Problem to solve: Line by line, retype the material exactly and leave each picture out.

Data below:

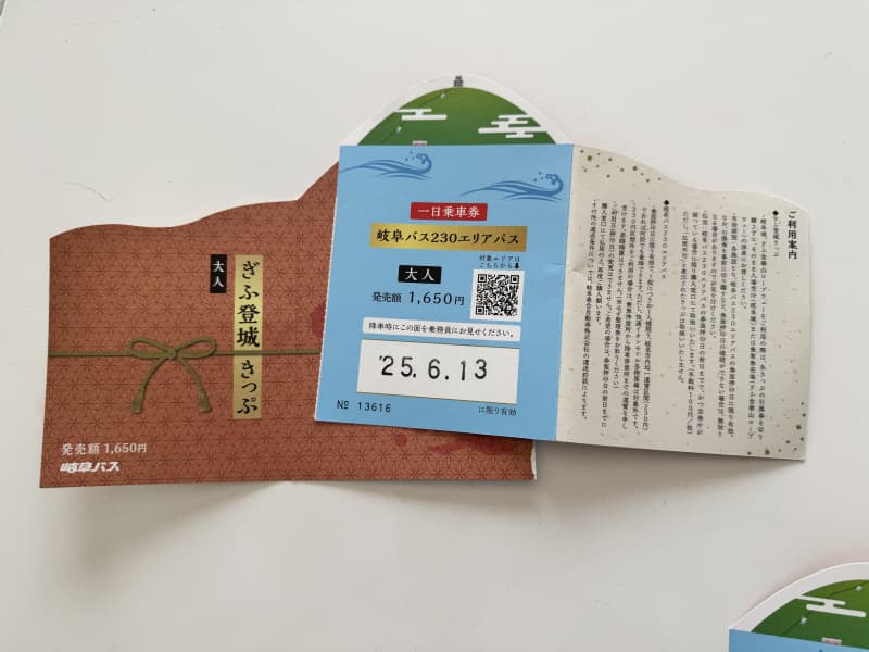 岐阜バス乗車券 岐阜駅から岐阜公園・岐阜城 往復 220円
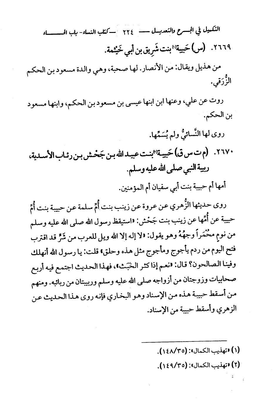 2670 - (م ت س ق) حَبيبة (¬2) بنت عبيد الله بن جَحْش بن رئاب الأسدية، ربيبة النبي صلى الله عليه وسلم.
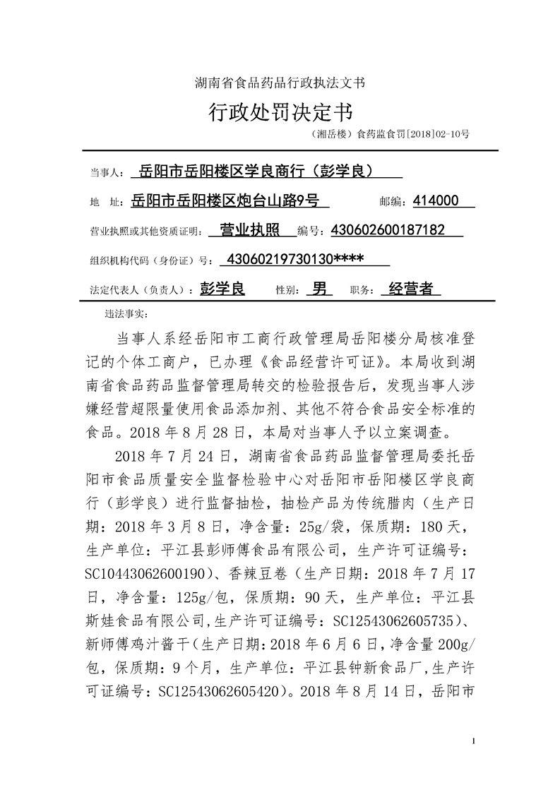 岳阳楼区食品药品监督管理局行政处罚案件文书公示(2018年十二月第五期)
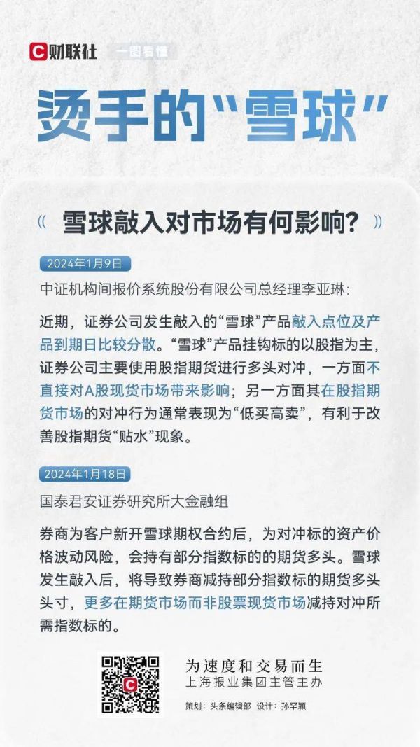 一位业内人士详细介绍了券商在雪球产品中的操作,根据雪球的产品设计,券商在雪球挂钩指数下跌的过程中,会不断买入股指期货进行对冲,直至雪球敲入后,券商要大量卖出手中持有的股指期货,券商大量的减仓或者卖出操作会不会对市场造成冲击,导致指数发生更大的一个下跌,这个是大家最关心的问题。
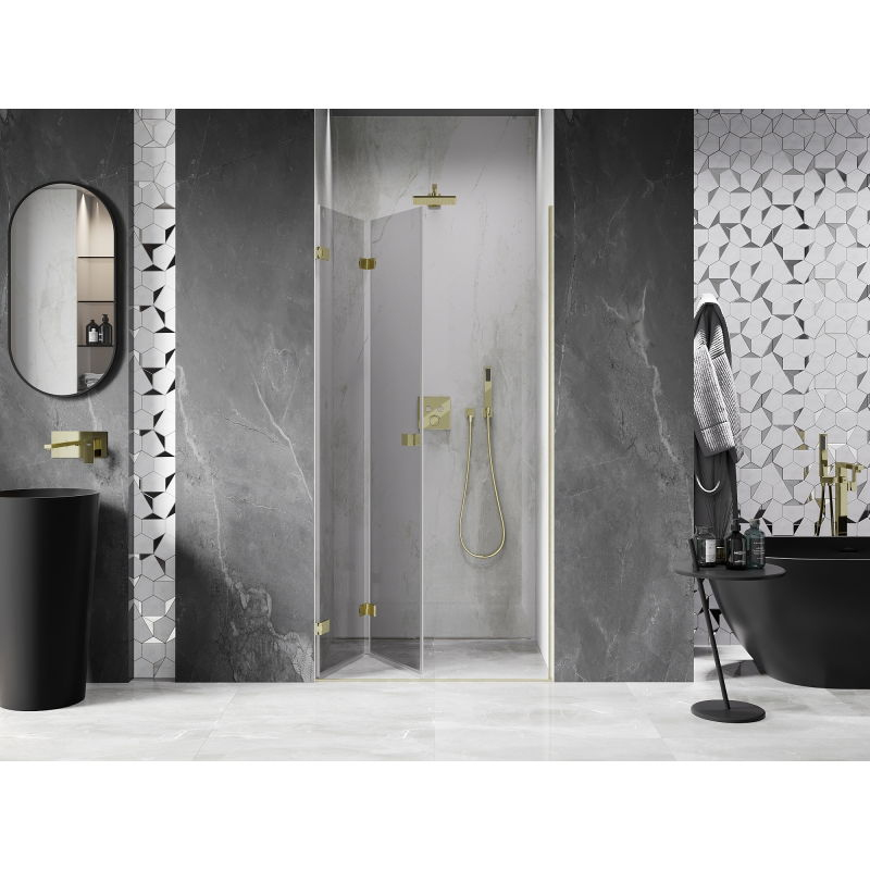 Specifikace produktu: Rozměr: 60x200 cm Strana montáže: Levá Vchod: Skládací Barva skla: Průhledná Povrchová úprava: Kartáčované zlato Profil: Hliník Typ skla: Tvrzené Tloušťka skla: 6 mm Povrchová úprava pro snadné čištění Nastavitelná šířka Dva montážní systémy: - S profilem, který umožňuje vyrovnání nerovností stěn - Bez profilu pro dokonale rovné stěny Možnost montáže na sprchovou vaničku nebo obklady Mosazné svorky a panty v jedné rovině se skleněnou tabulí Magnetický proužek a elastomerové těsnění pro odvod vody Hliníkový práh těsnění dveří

End of Data.

Your solution:
 岐阜バス乗車券 岐阜駅から岐阜公園・岐阜城 往復 220円
 2670 - (م ت س ق) حَبيبة (¬2) بنت عبيد الله بن جَحْش بن رئاب الأسدية، ربيبة النبي صلى الله عليه وسلم.
 岳阳楼区食品药品监督管理局行政处罚案件文书公示(2018年十二月第五期)
 一位业内人士详细介绍了券商在雪球产品中的操作,根据雪球的产品设计,券商在雪球挂钩指数下跌的过程中,会不断买入股指期货进行对冲,直至雪球敲入后,券商要大量卖出手中持有的股指期货,券商大量的减仓或者卖出操作会不会对市场造成冲击,导致指数发生更大的一个下跌,这个是大家最关心的问题。
 Specifikace produktu: Rozměr: 60x200 cm Strana montáže: Levá Vchod: Skládací Barva skla: Průhledná Povrchová úprava: Kartáčované zlato Profil: Hliník Typ skla: Tvrzené Tloušťka skla: 6 mm Povrchová úprava pro snadné čištění Nastavitelná šířka Dva montážní systémy: - S profilem, který umožňuje vyrovnání nerovností stěn - Bez profilu pro dokonale rovné stěny Možnost montáže na sprchovou vaničku nebo obklady Mosazné svorky a panty v jedné rovině se skleněnou tabulí Magnetický proužek a elastomerové těsnění pro odvod vody Hliníkový práh těsnění dveří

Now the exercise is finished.